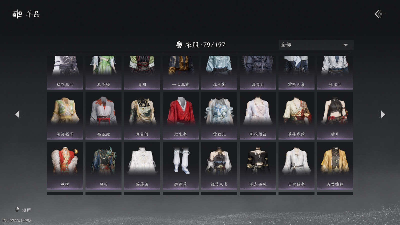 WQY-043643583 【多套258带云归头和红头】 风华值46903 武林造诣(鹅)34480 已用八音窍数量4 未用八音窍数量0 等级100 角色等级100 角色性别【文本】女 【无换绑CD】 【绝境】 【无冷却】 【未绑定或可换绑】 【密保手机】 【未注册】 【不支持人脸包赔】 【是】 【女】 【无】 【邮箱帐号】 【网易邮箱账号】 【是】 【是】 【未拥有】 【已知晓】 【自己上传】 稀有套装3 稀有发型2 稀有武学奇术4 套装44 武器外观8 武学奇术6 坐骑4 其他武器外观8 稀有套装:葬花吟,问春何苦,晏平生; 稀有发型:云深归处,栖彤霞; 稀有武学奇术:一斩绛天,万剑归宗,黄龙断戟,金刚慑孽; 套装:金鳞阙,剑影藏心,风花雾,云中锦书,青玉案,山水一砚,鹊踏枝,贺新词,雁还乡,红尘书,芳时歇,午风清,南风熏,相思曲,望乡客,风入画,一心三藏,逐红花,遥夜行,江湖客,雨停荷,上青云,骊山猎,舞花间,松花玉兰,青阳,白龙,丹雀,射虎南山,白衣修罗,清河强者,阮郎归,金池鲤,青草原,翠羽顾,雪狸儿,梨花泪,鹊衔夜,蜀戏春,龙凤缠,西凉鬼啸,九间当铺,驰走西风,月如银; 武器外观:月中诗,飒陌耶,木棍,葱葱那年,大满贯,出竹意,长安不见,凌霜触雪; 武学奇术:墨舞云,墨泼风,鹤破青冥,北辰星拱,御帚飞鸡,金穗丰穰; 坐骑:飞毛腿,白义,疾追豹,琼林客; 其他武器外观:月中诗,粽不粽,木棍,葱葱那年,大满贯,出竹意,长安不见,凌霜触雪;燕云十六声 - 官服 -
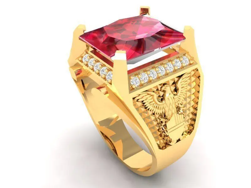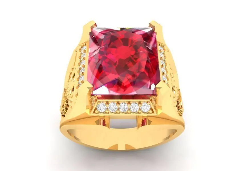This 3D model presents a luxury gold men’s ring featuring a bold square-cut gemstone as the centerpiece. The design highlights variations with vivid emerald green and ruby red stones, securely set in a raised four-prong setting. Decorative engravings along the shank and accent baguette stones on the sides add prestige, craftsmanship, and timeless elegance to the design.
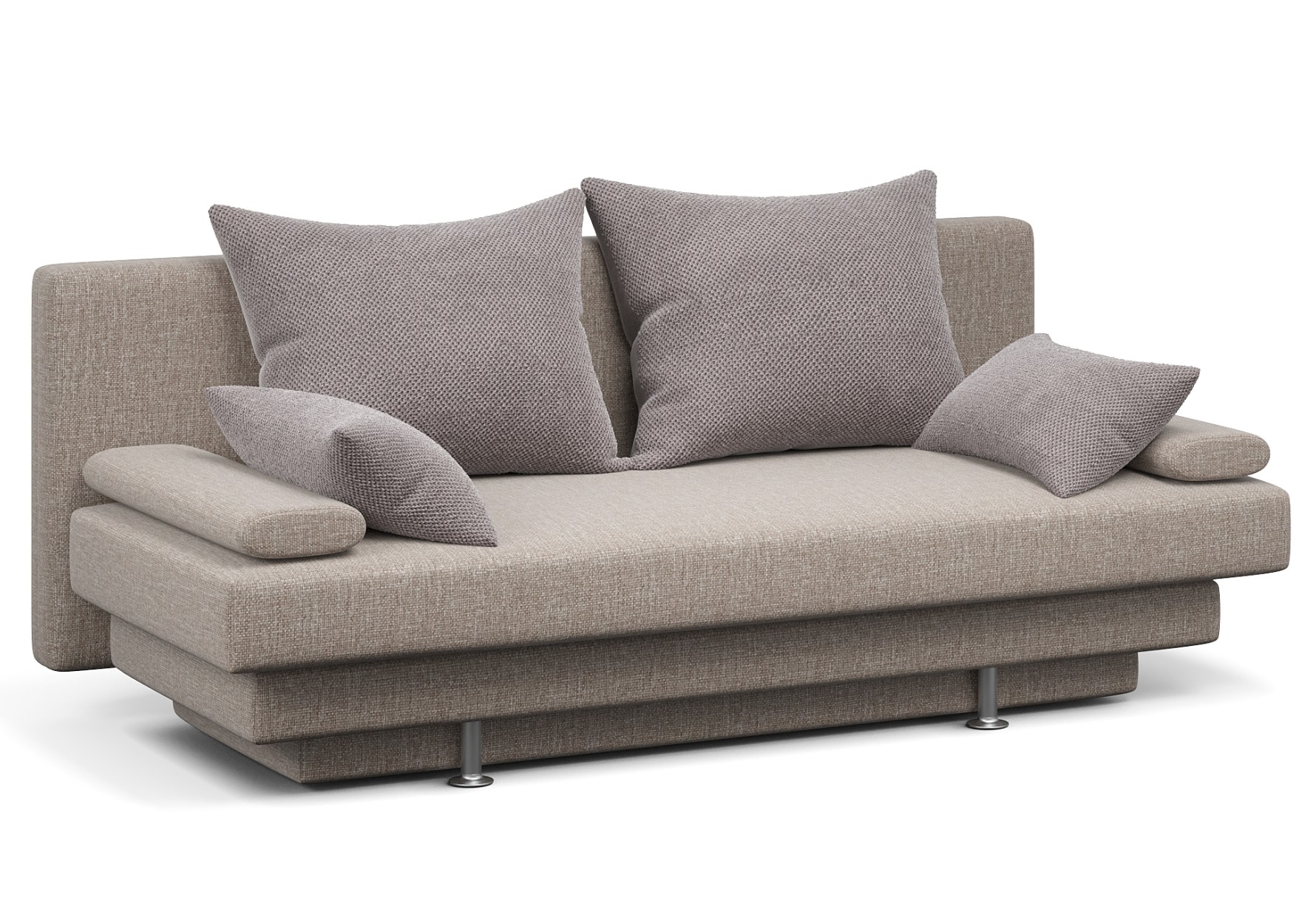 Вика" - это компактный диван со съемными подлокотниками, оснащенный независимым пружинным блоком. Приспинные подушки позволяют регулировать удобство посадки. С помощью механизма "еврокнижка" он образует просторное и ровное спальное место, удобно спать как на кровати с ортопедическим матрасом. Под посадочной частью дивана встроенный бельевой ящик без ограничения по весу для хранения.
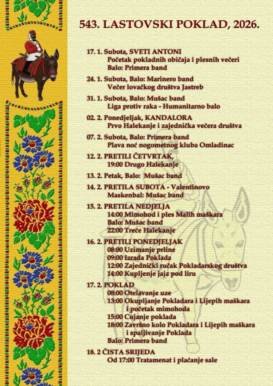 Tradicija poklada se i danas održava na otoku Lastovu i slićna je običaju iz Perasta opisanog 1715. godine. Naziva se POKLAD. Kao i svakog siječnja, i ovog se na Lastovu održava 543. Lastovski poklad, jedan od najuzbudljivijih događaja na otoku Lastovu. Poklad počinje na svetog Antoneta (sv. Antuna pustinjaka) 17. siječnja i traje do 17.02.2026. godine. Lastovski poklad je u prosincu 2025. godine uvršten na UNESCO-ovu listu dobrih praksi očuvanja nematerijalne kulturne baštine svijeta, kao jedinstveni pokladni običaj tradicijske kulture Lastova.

----

ACTION ITEM: Since only the text is needed, retype the data above exactly and omit the pictures.

FINISHED EXERCISE:
 WQY-043643583 【多套258带云归头和红头】 风华值46903 武林造诣(鹅)34480 已用八音窍数量4 未用八音窍数量0 等级100 角色等级100 角色性别【文本】女 【无换绑CD】 【绝境】 【无冷却】 【未绑定或可换绑】 【密保手机】 【未注册】 【不支持人脸包赔】 【是】 【女】 【无】 【邮箱帐号】 【网易邮箱账号】 【是】 【是】 【未拥有】 【已知晓】 【自己上传】 稀有套装3 稀有发型2 稀有武学奇术4 套装44 武器外观8 武学奇术6 坐骑4 其他武器外观8 稀有套装:葬花吟,问春何苦,晏平生; 稀有发型:云深归处,栖彤霞; 稀有武学奇术:一斩绛天,万剑归宗,黄龙断戟,金刚慑孽; 套装:金鳞阙,剑影藏心,风花雾,云中锦书,青玉案,山水一砚,鹊踏枝,贺新词,雁还乡,红尘书,芳时歇,午风清,南风熏,相思曲,望乡客,风入画,一心三藏,逐红花,遥夜行,江湖客,雨停荷,上青云,骊山猎,舞花间,松花玉兰,青阳,白龙,丹雀,射虎南山,白衣修罗,清河强者,阮郎归,金池鲤,青草原,翠羽顾,雪狸儿,梨花泪,鹊衔夜,蜀戏春,龙凤缠,西凉鬼啸,九间当铺,驰走西风,月如银; 武器外观:月中诗,飒陌耶,木棍,葱葱那年,大满贯,出竹意,长安不见,凌霜触雪; 武学奇术:墨舞云,墨泼风,鹤破青冥,北辰星拱,御帚飞鸡,金穗丰穰; 坐骑:飞毛腿,白义,疾追豹,琼林客; 其他武器外观:月中诗,粽不粽,木棍,葱葱那年,大满贯,出竹意,长安不见,凌霜触雪;燕云十六声 - 官服 -
This 3D model presents a luxury gold men’s ring featuring a bold square-cut gemstone as the centerpiece. The design highlights variations with vivid emerald green and ruby red stones, securely set in a raised four-prong setting. Decorative engravings along the shank and accent baguette stones on the sides add prestige, craftsmanship, and timeless elegance to the design.
 Вика" - это компактный диван со съемными подлокотниками, оснащенный независимым пружинным блоком. Приспинные подушки позволяют регулировать удобство посадки. С помощью механизма "еврокнижка" он образует просторное и ровное спальное место, удобно спать как на кровати с ортопедическим матрасом. Под посадочной частью дивана встроенный бельевой ящик без ограничения по весу для хранения.
 Tradicija poklada se i danas održava na otoku Lastovu i slićna je običaju iz Perasta opisanog 1715. godine. Naziva se POKLAD. Kao i svakog siječnja, i ovog se na Lastovu održava 543. Lastovski poklad, jedan od najuzbudljivijih događaja na otoku Lastovu. Poklad počinje na svetog Antoneta (sv. Antuna pustinjaka) 17. siječnja i traje do 17.02.2026. godine. Lastovski poklad je u prosincu 2025. godine uvršten na UNESCO-ovu listu dobrih praksi očuvanja nematerijalne kulturne baštine svijeta, kao jedinstveni pokladni običaj tradicijske kulture Lastova.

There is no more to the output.